During the mid-1970s through early 1980s, I was like a jack-in-the-box. You never knew when and where I would pop up. There were still lots of outlets on variety television shows. That versatility of being able to both sing and act that proved to be such an asset from the beginning at the American Academy, combined with that galloping horse work ethic and the Carol Brady factor, kept the phones ringing with offers.

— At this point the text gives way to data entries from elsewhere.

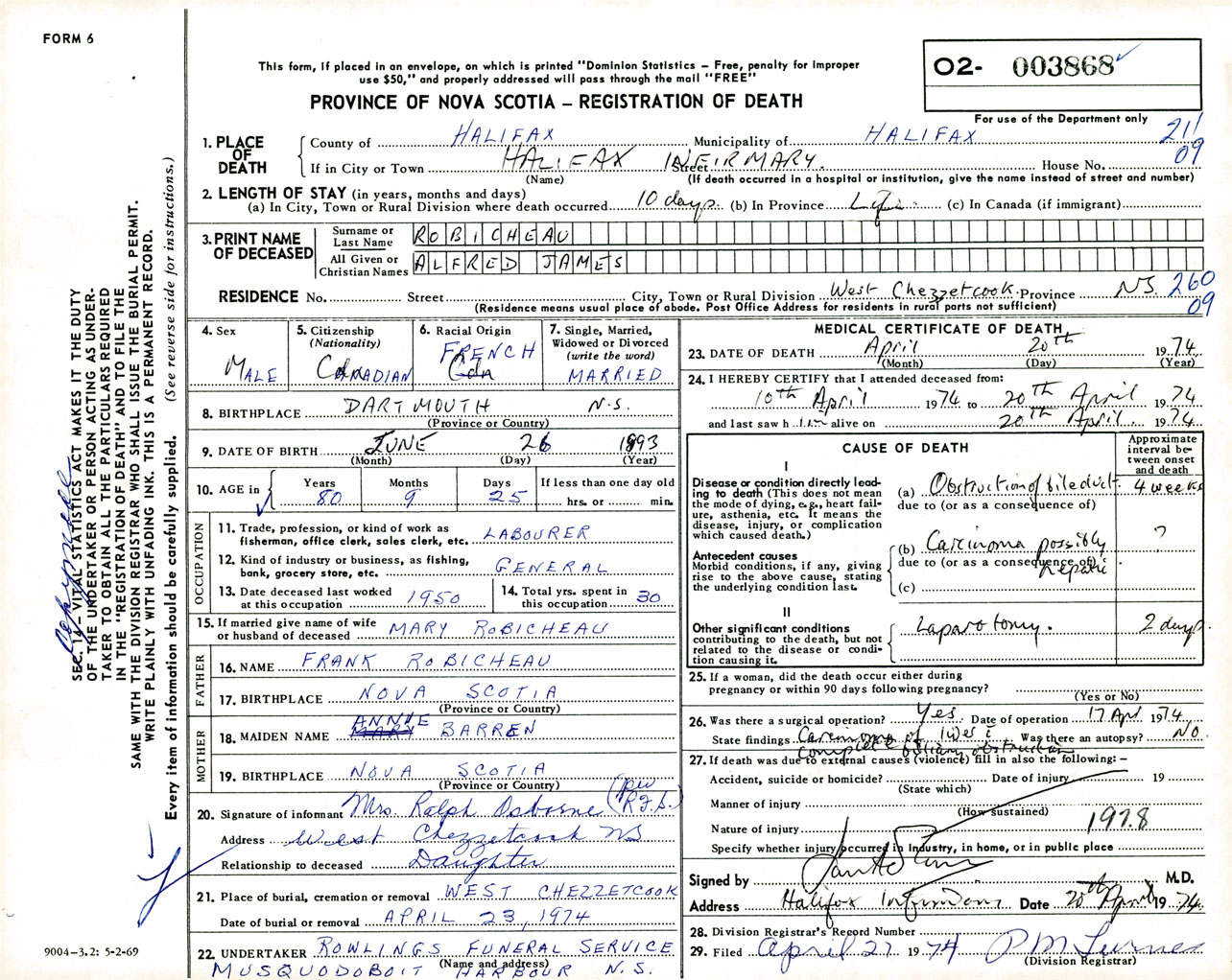 Male Death Registration: Year: 1974 number: 3868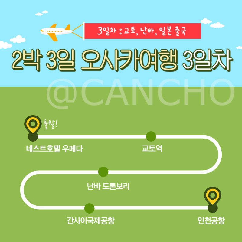 1일차는 별 일이 없었고, 방금 일본에 도착해서 호텔에 체크인하고 술을 마셨기 때문에 별 일이 없었습니다. 2일차: 도톤보리 관광, 가벼운 쇼핑, 친구들과의 수다. 3일차: 교토 버스 투어.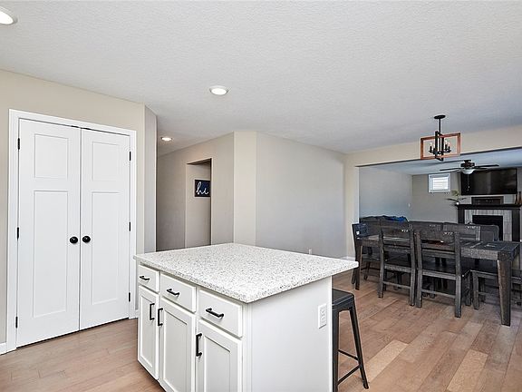 a large great room with gas fireplace and opens perfectly to the spacious eat-in kitchen for entertaining. The kitchen has quartz

Perhaps the most fun I had during this time period was being a semiregular on
The Hollywood Squares
. What went on that people saw at home was funny enough, but it did not compare with what happened off camera with such a crazy group of personalities. They taped five shows in one day—three in the afternoon, a break for dinner, and then two more afterward. Wine would be served during the meal, copious amounts and with predictable loosening of tongues on the last two shows. Paul Lynde especially loved to get sloshed. Once, when it was my turn, Peter Marshall asked me, “Would humming help your tennis game?” I was taking tennis lessons at the time from Dick Van Patten’s son, and he was always saying, “Keep your eyes on the ball.” So I replied, “Yes, because it would take your mind off your balls.” I might as well have detonated a bomb on the set. Everybody immediately vacated their little squares in mock protest; even Cliff Arquette, who had recently had a stroke, got up and walked off. It took ten minutes for the hysteria and pandemonium I had caused to subside and to get the show back on track. Peter Marshall still features a video of that segment in his act.